Statistical analysis

Statistical analysis was performed using JMP 13 for Windows (SAS Institute, Inc., Cary, NC, USA). Student’s t test, Mann–Whitney U test, and the χχ2 test were used to compare continuous and categorical variables as appropriate, with two-sided P < 0.05 indicating statistical significance. One-to-one matching was performed without replacement using a caliper width of 0.2 standard deviation of the logit of the estimated propensity score [16]. Gender, age, body mass index (BMI), cardiovascular disease, cerebrovascular disease, diabetes mellitus, American Society Anesthesiology (ASA) classification, previous abdominal surgery (PAS), tumor max diameter, and D3 lymphadenectomy were selected as covariates. After propensity score matching (PSM), the two matched groups were handled as unpaired independent group. Lastly, multivariate analysis was performed using logistic regression.

Conventional laparoscopic procedures

Each patient was placed in the modified lithotomy position and administered general anesthesia. In conventional laparoscopic right hemicolectomy, a 12-mm subumbilical port was created to introduce the semi-flexible laparoscopic camera (LTFVH, Olympus, Tokyo, Japan), and additional ports were made in the right lower quadrant (5-mm port), suprapubic region (5-mm port), left lower quadrant (5-mm port), and epigastric region (5-mm port). Following mesocolic plane resection, the duodenum and pancreas were sufficiently exposed, and the feeding vessels were identified. Proximal ligation of the ileocecal, right colic (if necessary), and right branch of the root of the middle colic vessels was conducted, and lymphadenectomy was performed simultaneously with central vascular ligation (CVL) and complete mesocolic excision (CME) using medial-to-lateral approach. Mobilization was carried out from the hepatic flexure, and the umbilical port site was expanded to 3 to 5 cm. The bowel loop was delivered under a wound protector through the incision and separated from the marginal vessels. Then, the ileum and colon were resected using a linear stapler extracorporeally. Small holes were made in the walls of the ileum and colon, and another stapler was inserted into these holes to perform the side-to-side anastomosis. Lastly, the holes were resected using a final stapler. We used four cartridges for this functional end-to-end method. The stapled and parts of the double-stapled edges were reinforced with sutures.

Single-incision laparoscopic procedures

Single-incision laparoscopic right hemicolectomy was performed using the conventional laparoscopic instruments through an initial 2 to 2.5 cm incision in the umbilicus.

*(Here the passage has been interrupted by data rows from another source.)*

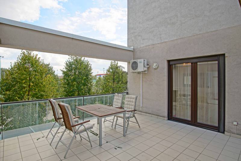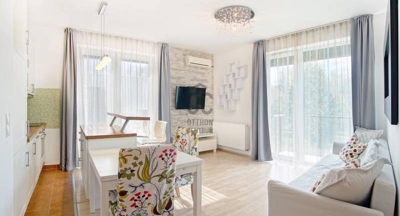 Kényelem és zöldövezeti nyugalom találkozik ebben a XIII. kerületi, Rozsnyay utcai otthonban. A 61 m²-es, amerikai konyhás nappalival és három hálószobával rendelkező lakás a családbarát elosztása és a tágas kültéri terei miatt egyaránt különleges.A LAKÁS JELLEMZŐI- nettó 61, bruttó 77 m² alapterület- amerikai konyhás nappali + 3 hálószoba- 25 m² nagy terasz, további két erkély- 7 m² tároló a teraszról nyílva- kádas fürdőszoba WC-vel- vendég WC kézmosóval- házközponti fűtés egyedi méréssel- légkondicionáló, redőny, szúnyogháló- gépesített konyha, szigetes konyhabútor- beépített szekrények, gardróbok- riasztó és biztonságos lakóparki környezetA HÁZ ÉS KÖRNYEZET- 2013-ban épült, liftes társasház- közösségi kerékpártároló a földszinten- rendezett és biztonságos, kamerarendszerrel felszereltKÖRNYÉK ÉS LOKÁCIÓ- a társasház közvetlen szomszédságában található a Rákos-patak sétánya futópályával, kerékpárúttal, sport- és játszóterekkel, kutyafuttatóval- a Vasas sporttelep néhány lépésre elérhető- bevásárlási lehetőségek (Duna Plaza, LIDL, ALDI, Tesco, CBA) pár perc távolságra. A közlekedés kiváló, M3-as metrómegálló és több buszjárat gyorsan elérhetőPARKOLÁS- a lakáshoz tartozik egy teremgarázs hely, amely megvásárolandó 7 millió forintért- könnyen parkolható, biztonságos helyet kínál az autójánakEZ AZ OTTHON IDEÁLI VÁLASZTÁS:- családoknak, akik értékelik a több hálószobás elosztást,- sportos, aktív életmódot kedvelőknek,- kutyásoknak és természetkedvelőknek, akik közvetlenül a zöldövezet mellett szeretnének élni.A lakás azonnal költözhető, igényes kialakításának és tágas teraszainak köszönhetően igazán különleges otthont kínál a XIII. kerület egyik legjobb részén.Várom hívását a hét bármely napján!Ez az ingatlan a \"Hűség csomag\" megbízási portfólióhoz tartozik. Részletek az Otthon Centrum weboldalán.
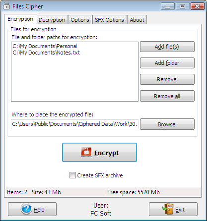 Files Cipher 2.1 представляет собой утилиту для шифрования личной и конфиденциальной информации. Программа ориентирована на пользователей, которым необходимо защитить данные от несанкционированного доступа. Основной функционал сосредоточен на обработке файлов и папок с последующим сохранением их в зашифрованном виде. Используемый алгоритм шифрования был разработан внутренней лабораторией FCsoft и применяется уже на протяжении нескольких лет. По заявлению разработчиков, этот cipher обладает высокой устойчивостью к взлому, что делает его подходящим решением для личного и профессионального использования.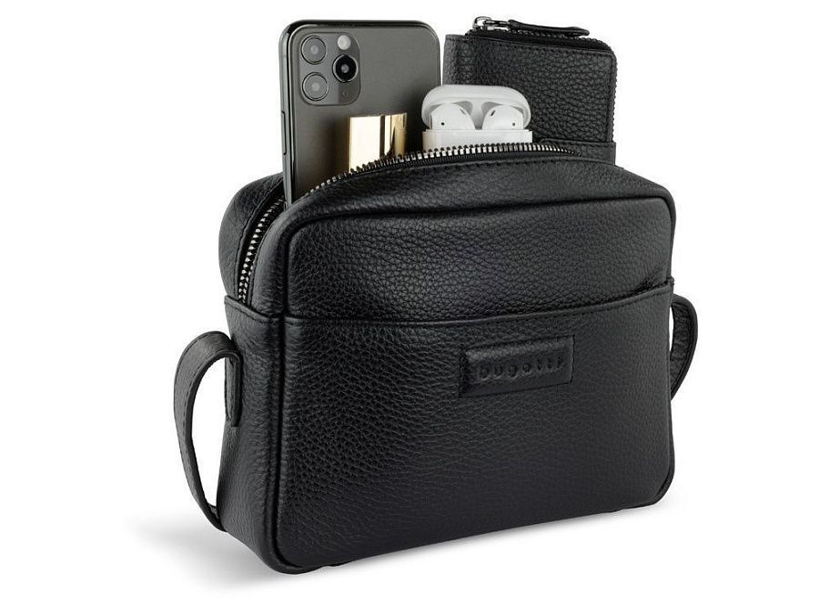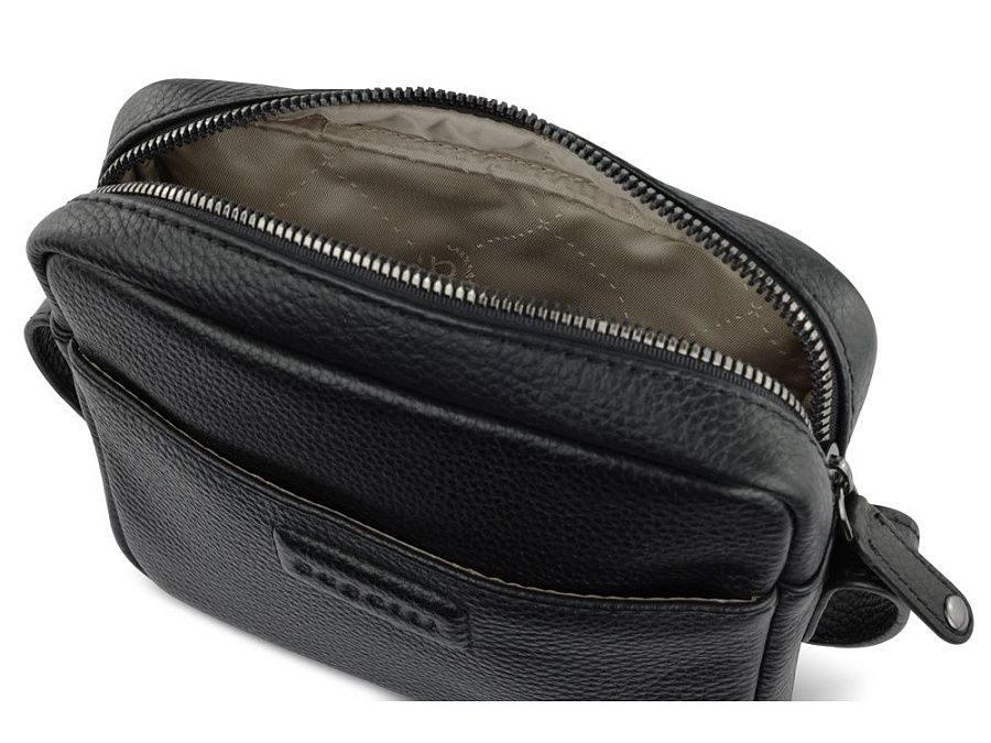Функциональная организация: основное отделение на молнии с открытым карманом, передний открытый карман, задний карман на молнии, регулируемый плечевой ремень (до 120 см).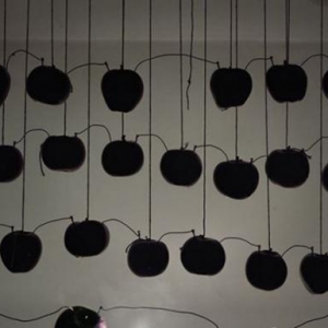 Charland别具匠心地用苹果、镀锌钉、铜线搭建了一盏“苹果树灯”,通过长时间曝光拍摄的照片证明了可持续能源的潜力。 |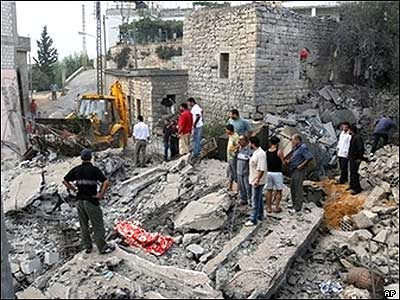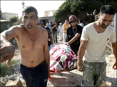 مردان عرب - اسرائيلی، جسد زنی را که بر اثر انفجار موشک حزب الله کشته است حمل می کنند.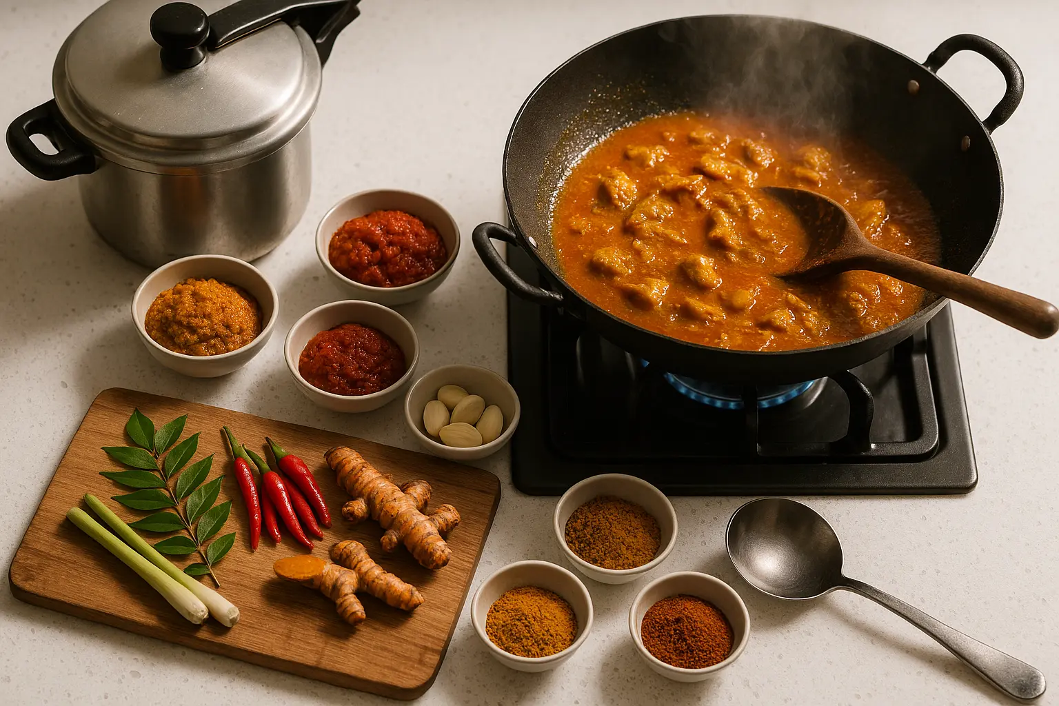 Malaysian cooking means turmeric, curry, sambal, kicap, and so many things that can stain. This is where engineered surfaces really shine:

Subsequently, an ALEXIS® wound retractor (Applied Medical, Rancho Santa Margarita, CA, USA) of XS size was installed at the umbilical wound. Then, a non-powdered surgical glove (5.5 inches) was placed on the wound retractor in an air-tight fashion, through which three 5-mm slim trocars were inserted into the tips of the glove’s thumb, middle, and small fingers. A laparoscopic camera was then inserted through the middle finger port. The ileum and transverse colon were resected intracorporeally using linear stapler through the tip of the glove’s ring finger. Suturing of each stump was also performed intracorporeally to prevent twisting of the bowel. After the specimen was extracted through the umbilical incision, anastomosis was performed extracorporeally using the same method (Fig. 1). Conversion was defined as any incision of more than 8 cm in length that was needed to complete or facilitate the procedure that could not be accomplished laparoscopically.

Fig. 1
figure 1

Fig. 1 A Operative view; bowel resection intracorporeally, B Suturing each stump intracorporeally for prevention of twisting the bowel, C Extracorporeal anastomosis, D The final cosmetic result

Postoperative follow-up

For follow-up, patients with stage I and II disease were tested for serum carcinoembryonic antigen levels (at 3-month intervals during the first year and at 6-month intervals thereafter), chest and abdomino-pelvic CT (at 6-month intervals), and colonoscopy (at 1-year intervals), in addition to routine outpatient visits. Patients with stage III disease underwent assessment of serum carcinoembryonic antigen levels (at 4-month intervals during the first 2 years and at 6-month intervals thereafter), as well as chest and abdomino-pelvic CT and colonoscopy at the same intervals, in addition to routine outpatient visits. In addition, patients with stage III disease received adjuvant chemotherapy of 5-fluorouracil plus leucovorin according to the standards of care.

Results

Eighty-eight patients underwent laparoscopic right hemicolectomies with D3 lymphadenectomy for right-sided colon cancer in our institution. In total, 68 patients underwent conventional multiport laparoscopic right hemicolectomy extracorporeally (MRHE) and the remaining 20 patients underwent single-incision laparoscopic right hemicolectomy intracorporeally (SRHI). Characteristics, comorbidities, and risk factors did not differ significantly between the MRHE and SRHI group. Patient backgrounds in both groups were closely balanced by the PSM which resulted in 15 matched pairs (Table 1). Moreover, characteristics regarding the tumor, tumor max diameter, pathological T (pT) category, and tumor classification did not differ significantly between the MRHE and SRHI group after PSM (Table 2).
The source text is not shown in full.